Required action:
Your copy should hold the lines below from the first through the one that contains "Decreasing Blue Bar", each retyped exactly, and no pictures.
###
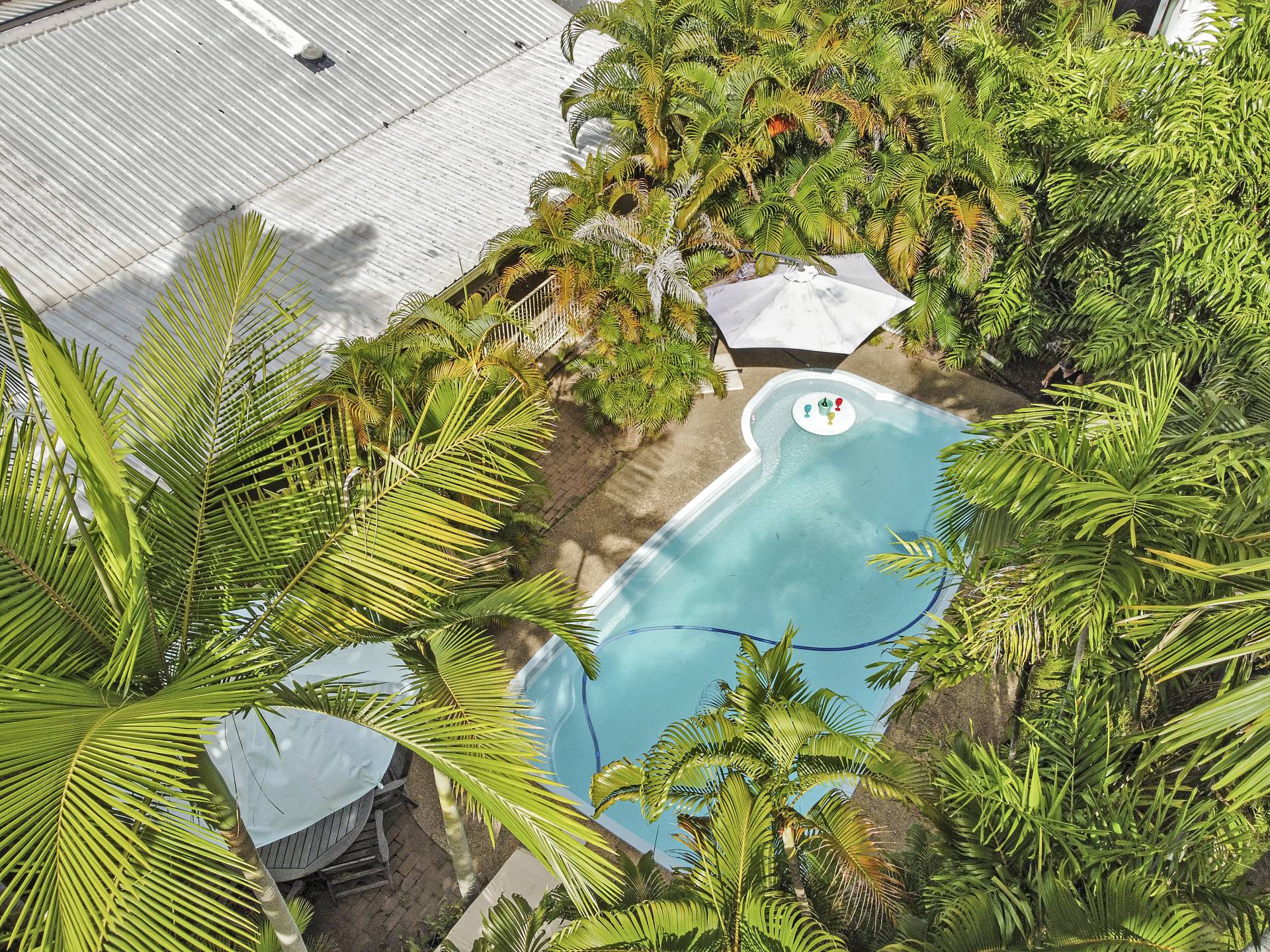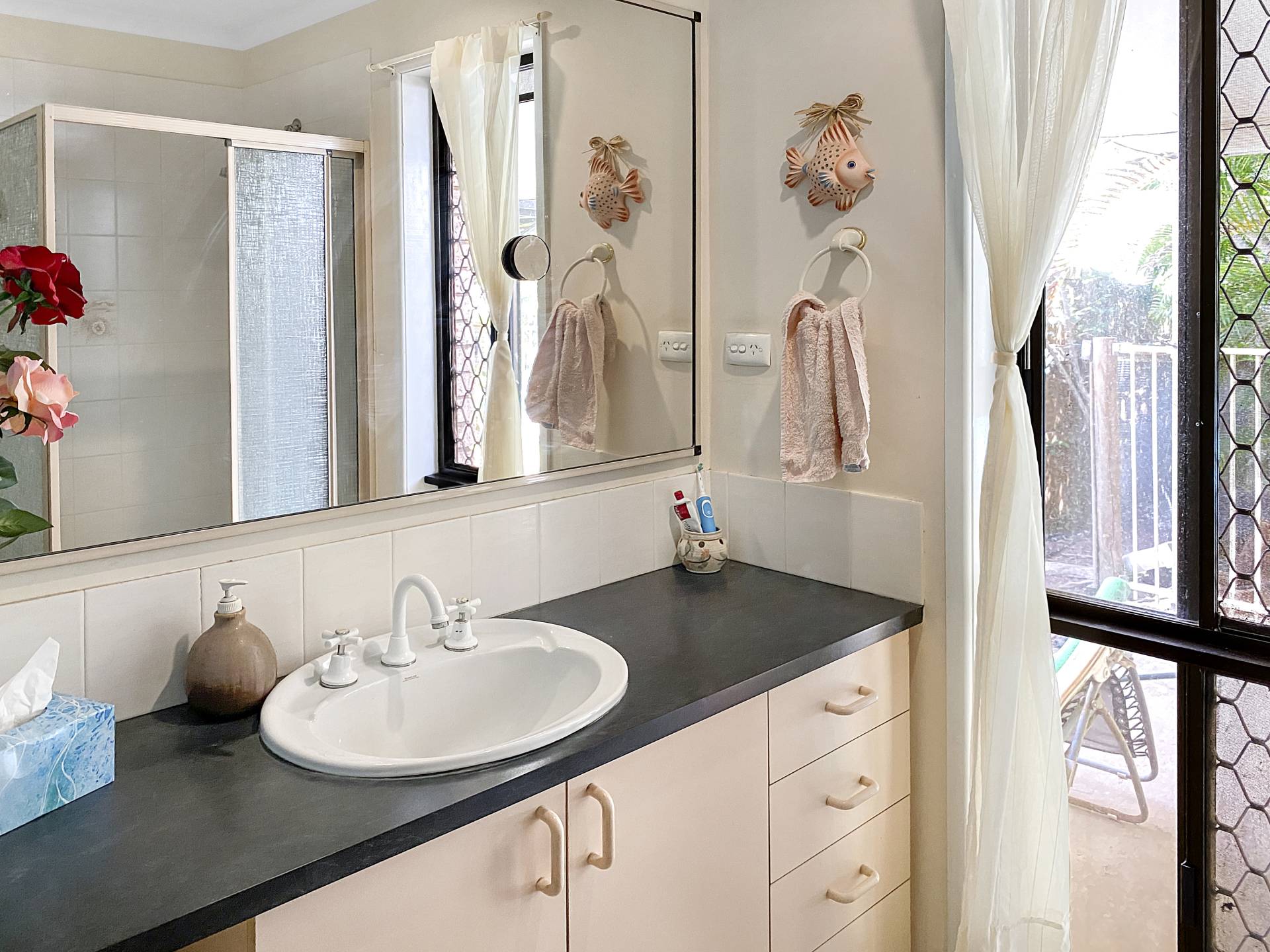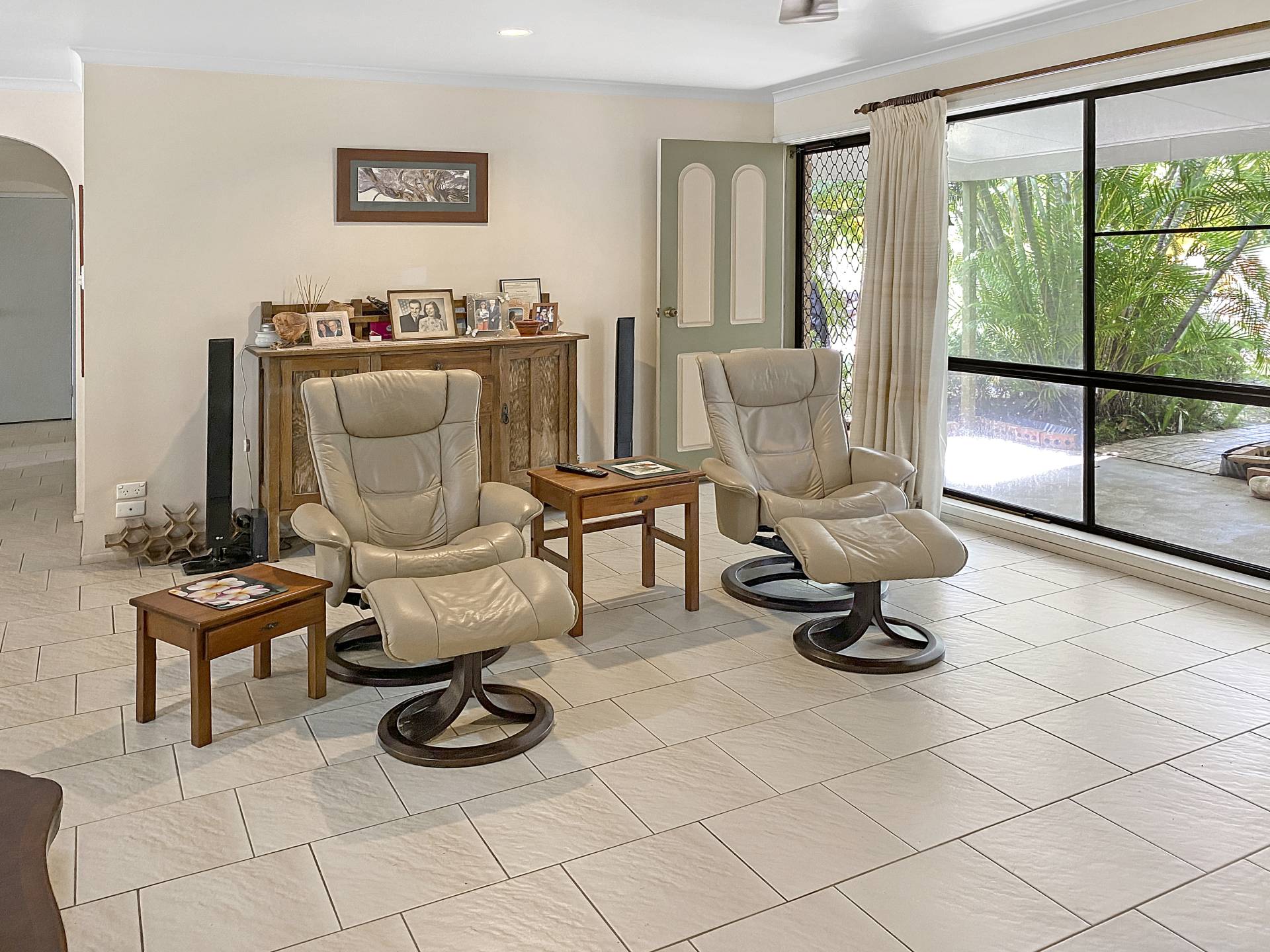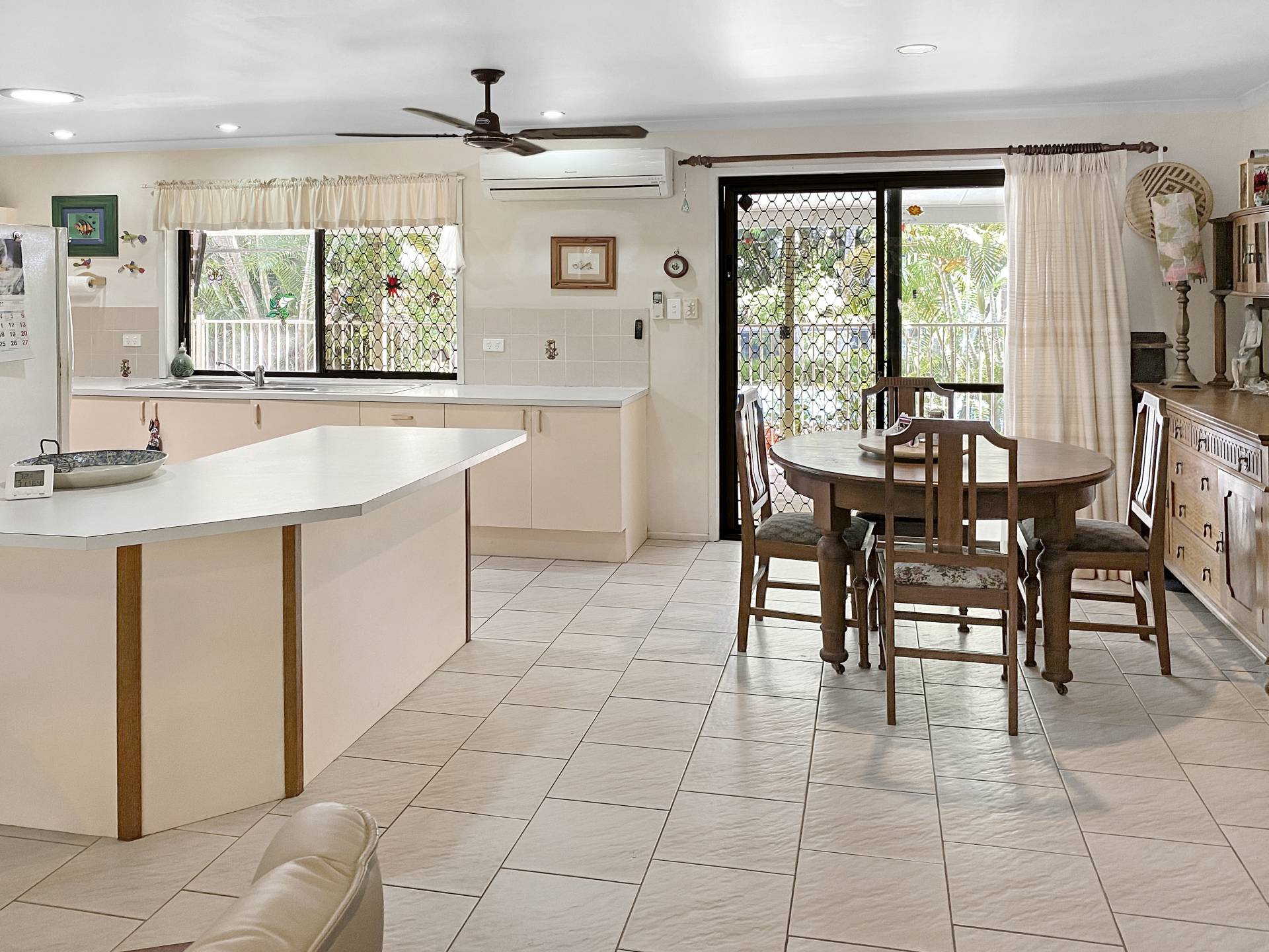 Nestled amongst the swaying palm trees, you will feel tucked away in your own private oasis here. From the 3m wide covered back verandah, you can enjoy looking over the pool to the trees beyond, and it's a great area for kids or dogs being fully fenced with a shady grassy area to the rear.
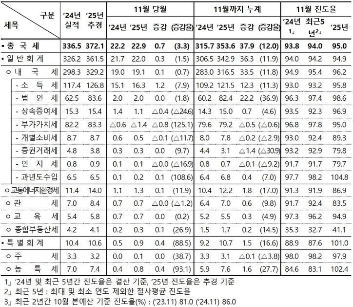 기획재정부가 31일 발표한 ‘국세수입 현황’에 따르면 1월~11월까지 누계 국세수입은 353조6000억원이다. 세수진도율은 95%로 전년보다 1.2%p 높다.
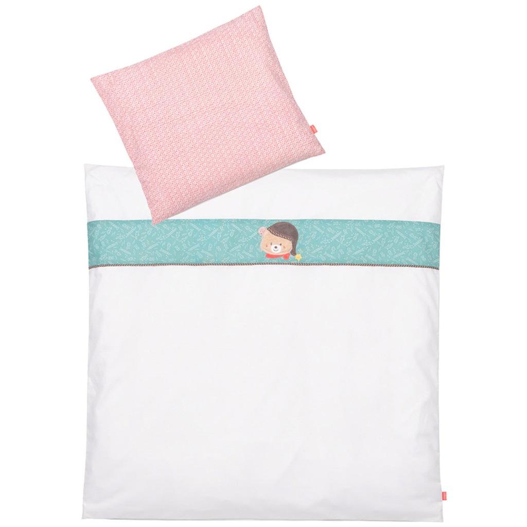 Pościel do łóżeczka, komplet, z kolekcji: Bruno Magiczna pościel dla każdego maluszka. Wykonana z najwyższej jakości materiałów. 2 - częściowy komplet pościeli ozdobnej składający się: z powłoczki na poduszkę o delikatnym wzorze oraz powłoczki na kołderkę ozdobionej elegancką aplikacją przedstawiającą główkę misia Bruno. Wyjątkowa miękkość i delikatność tkaniny sprzyja relaksowi i umila sen dziecku. Zapakowana w elegancki przeźroczysty pokrowiec z wygodnym uchwytem. Wraz z innymi produktami tej samej serii, np: maskotką z grzechotką, termoforem z pestek wiśni, ręcznikiem z kapturem, kocykiem lub pokrowcem na przewijak, może stanowić doskonały prezent na chrzciny czy 1 urodziny. Materiał: 100% bawełna, nadruk - 65% poliester, 35% bawełna. Zaawansowana technologia użyta w produkcji tej tkaniny sprawia, że jest bardzo trwała i przewiewna. Gwarantowane bezpieczeństwo i jakość produktu, zachowanie odpowiednich atestów i certyfikatów. Pranie w temp. 60 C. Wymiary: poszewki na poduszkę - 35 cm x 40 cm., zasuwana na suwak. Wymiary: poszewki na kołderkę - 80 cm x 80 cm., zasuwana na suwak. Wymiary opakowania: 30 cm x 30 cm x 3 cm. Wszystkie artykuły niemieckiej marki FEHN są bezpieczne dla dzieci od 0 lat. Wykonane są z najlepszej jakości materiałów. Spełniają normy EN71, CE, badane w instytutach Stiftung Warentest lub kotest.
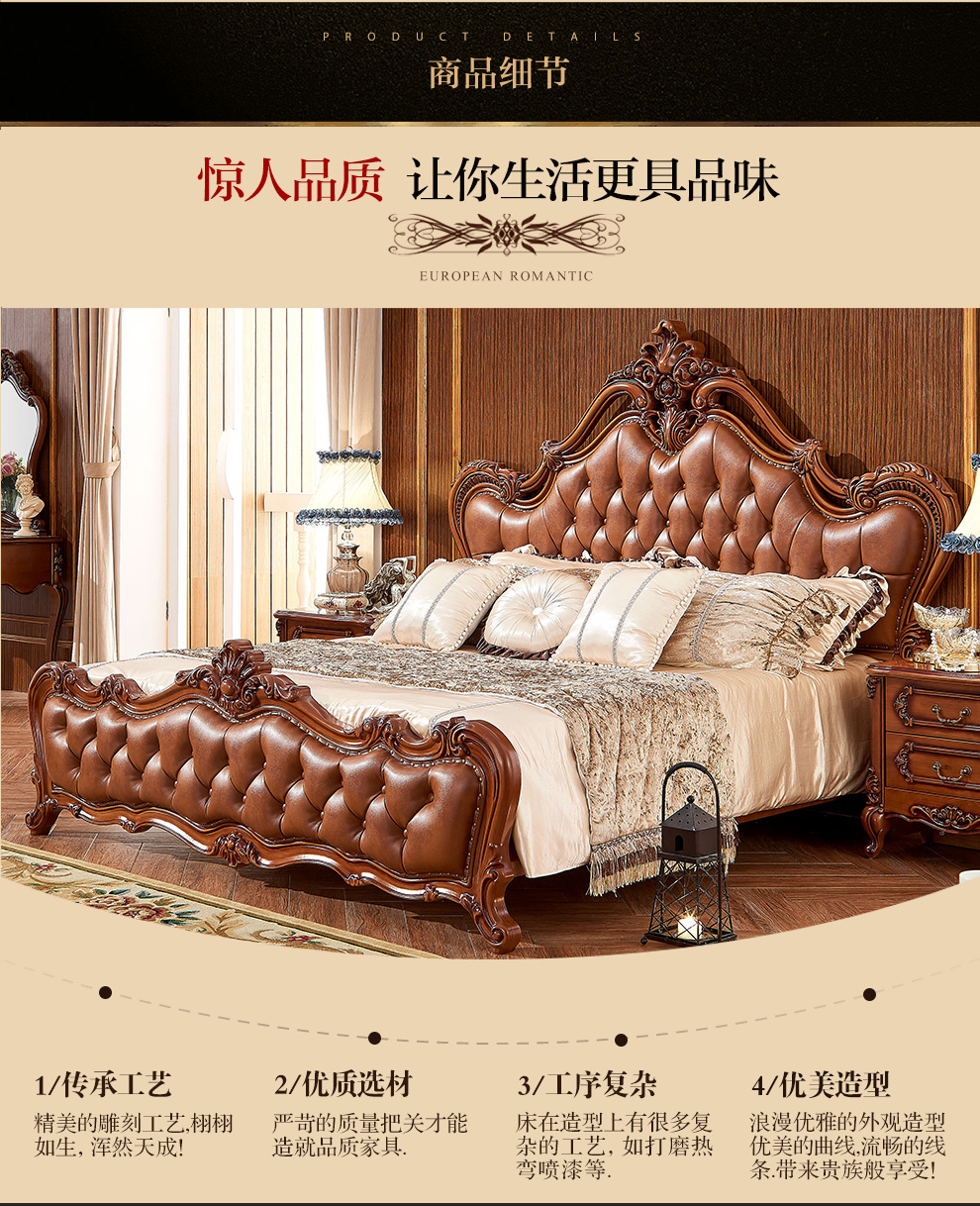 | 商品名称 | ドリームス宣アメリカの実木真皮ダブルベッド。ヨーロッパ式のクラシックで豪華な大型ベッドルーム家具。 |
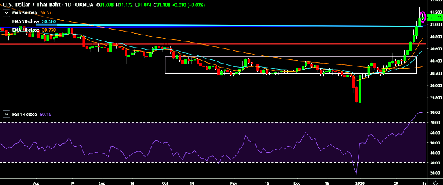 - USD/THB is currently trading around 31.11 marks.
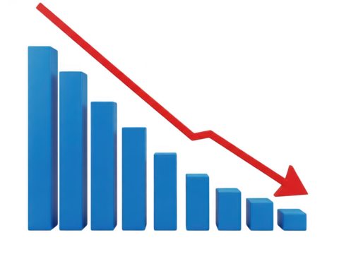 Decreasing Blue Bar Chart with Downward Sloping Red Arrow
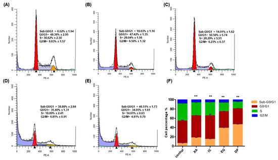 Cell cycle analysis by flow cytometry for HeLa cells treated with IC50 of the different studied plant extracts for 48 h: (A) Control, (B) XA, (C) IC, (D) EG and (E) DP. While, (F) Comparative analysis among different plant extracts for Sub-G0/G1, G0/G1, S and G2/M Phases. The cell cycle distribution was analyzed by ModFit LT software. All results are expressed in the histogram as total percentages of cells from four different groups with mean ± SD of three independent determinations. All data collected from experiments were performed in three replicates and analyzed using the one-way analysis of variance (ANOVA) at a significance level of p < 0.05 and indicated by **.
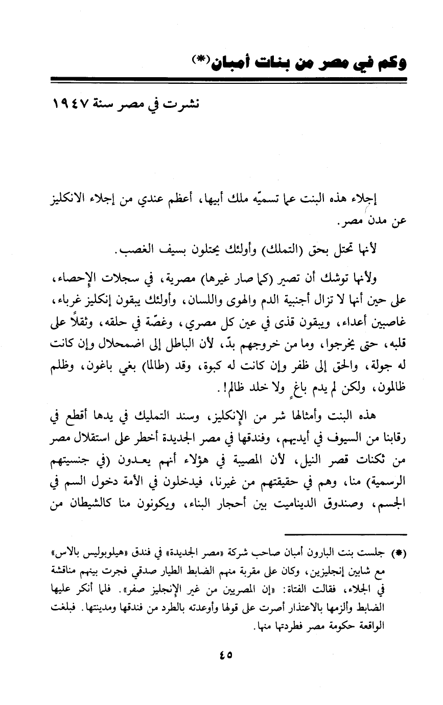 إجلاء هذه البنت عما تسميّه ملك أبيها، أعظم عندي من إجلاء الإنكليز عن مدن مصر.
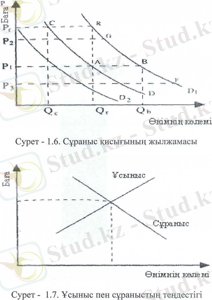 Сурет - 1. 6. -дан көрініп тұр, Б қисығының ығысу түсінігі Б қисығы бойынша Б қозғалысы көрсетілген. Мысалыға, "сұраныстың жоғарылау әсерімен тауарға баға өсімі жүреді" - бұл бағаның әрбіреуіндегі В тауарға табыстың өсу өзгерісін, Q қисығының оңға ығысуы (Р1 қисығы) және өнімнің а саны кейіннен Р1 бағасы бойынша алынғанын білдіреді, ал енді бағаның нақты өсімінің жүруі кезінде Р1 бағасы бойынша алынады. Еғерде барлық факторлары өзгеріссіз қалса, әрбір Р1г-ге дейін тауардың бағасы өсті, нәтижесінде Б шамасына дейін азайса, онда А нүктесінен С нүктесіне сұраныс қисығының орынауысуының жүретін сұранысын көрсететін, тауарлар саны төмендеді. Нарықтық экономикадағы негізгі микроэкономиканың көрсеткіштерімен ендірілетін өнімнің көлемі мен бағасы болып табылады. Тауардың бағасын орнатудың механизмі сұраныс пен ұсыныстың әсерімен қалыптасады. Сұраныс пен ұсыныстың категориясы микро- және макро- деңгейінде маңызды экономикалық мағынасы бар. Сұраныс пен ұсыныстың механизмі тек қана бағаның пайда болу механизмін ғана нақтыламайды, сонымен қатар, нарықтық қатынастың қызметтелуі.
###
Solution for this problem:
 Nestled amongst the swaying palm trees, you will feel tucked away in your own private oasis here. From the 3m wide covered back verandah, you can enjoy looking over the pool to the trees beyond, and it's a great area for kids or dogs being fully fenced with a shady grassy area to the rear.
 기획재정부가 31일 발표한 ‘국세수입 현황’에 따르면 1월~11월까지 누계 국세수입은 353조6000억원이다. 세수진도율은 95%로 전년보다 1.2%p 높다.
 Pościel do łóżeczka, komplet, z kolekcji: Bruno Magiczna pościel dla każdego maluszka. Wykonana z najwyższej jakości materiałów. 2 - częściowy komplet pościeli ozdobnej składający się: z powłoczki na poduszkę o delikatnym wzorze oraz powłoczki na kołderkę ozdobionej elegancką aplikacją przedstawiającą główkę misia Bruno. Wyjątkowa miękkość i delikatność tkaniny sprzyja relaksowi i umila sen dziecku. Zapakowana w elegancki przeźroczysty pokrowiec z wygodnym uchwytem. Wraz z innymi produktami tej samej serii, np: maskotką z grzechotką, termoforem z pestek wiśni, ręcznikiem z kapturem, kocykiem lub pokrowcem na przewijak, może stanowić doskonały prezent na chrzciny czy 1 urodziny. Materiał: 100% bawełna, nadruk - 65% poliester, 35% bawełna. Zaawansowana technologia użyta w produkcji tej tkaniny sprawia, że jest bardzo trwała i przewiewna. Gwarantowane bezpieczeństwo i jakość produktu, zachowanie odpowiednich atestów i certyfikatów. Pranie w temp. 60 C. Wymiary: poszewki na poduszkę - 35 cm x 40 cm., zasuwana na suwak. Wymiary: poszewki na kołderkę - 80 cm x 80 cm., zasuwana na suwak. Wymiary opakowania: 30 cm x 30 cm x 3 cm. Wszystkie artykuły niemieckiej marki FEHN są bezpieczne dla dzieci od 0 lat. Wykonane są z najlepszej jakości materiałów. Spełniają normy EN71, CE, badane w instytutach Stiftung Warentest lub kotest.
 | 商品名称 | ドリームス宣アメリカの実木真皮ダブルベッド。ヨーロッパ式のクラシックで豪華な大型ベッドルーム家具。 |
 - USD/THB is currently trading around 31.11 marks.
 Decreasing Blue Bar Chart with Downward Sloping Red Arrow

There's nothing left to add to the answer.